* TASK DESCRIPTION
If a picture appears, leave it out, and reproduce exactly the lines from the start of the listing below through the one bearing "4. Назовите вид".

* DATASET CONTENT

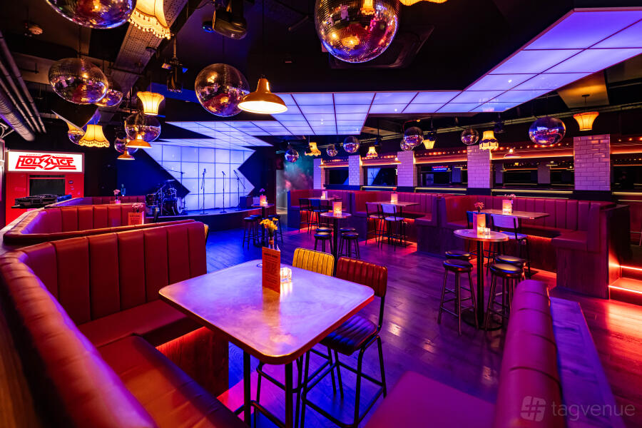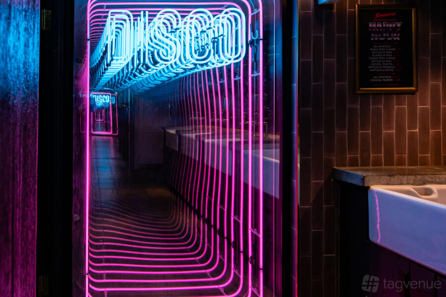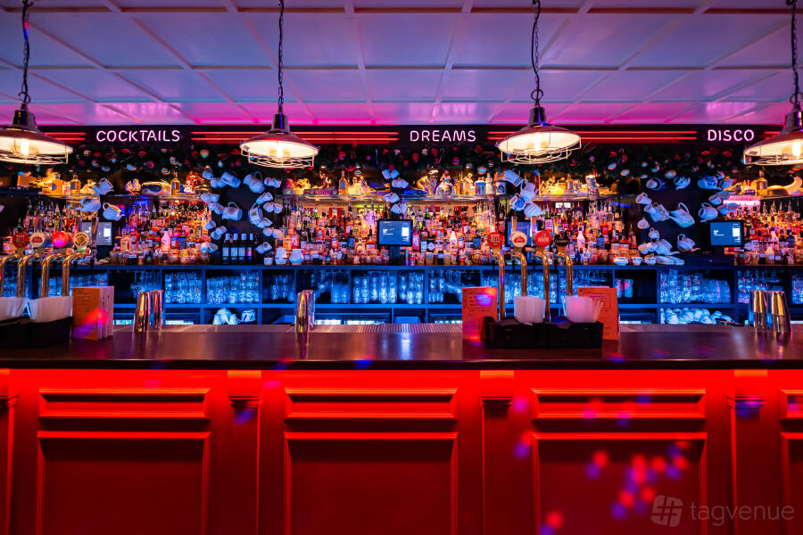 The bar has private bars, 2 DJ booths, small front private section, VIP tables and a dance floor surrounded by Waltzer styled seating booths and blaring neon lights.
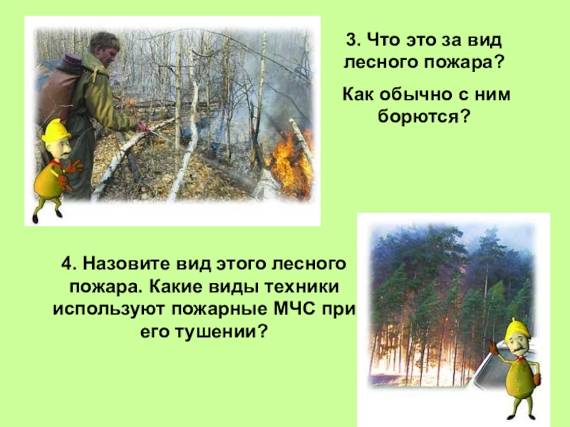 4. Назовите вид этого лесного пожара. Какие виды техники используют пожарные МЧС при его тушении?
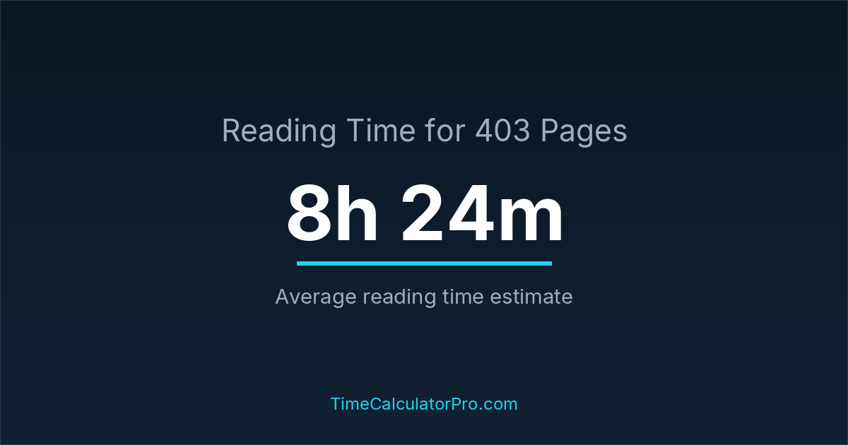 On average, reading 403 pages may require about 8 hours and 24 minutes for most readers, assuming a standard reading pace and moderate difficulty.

* EXERCISE RESPONSE
 The bar has private bars, 2 DJ booths, small front private section, VIP tables and a dance floor surrounded by Waltzer styled seating booths and blaring neon lights.
 4. Назовите вид этого лесного пожара. Какие виды техники используют пожарные МЧС при его тушении?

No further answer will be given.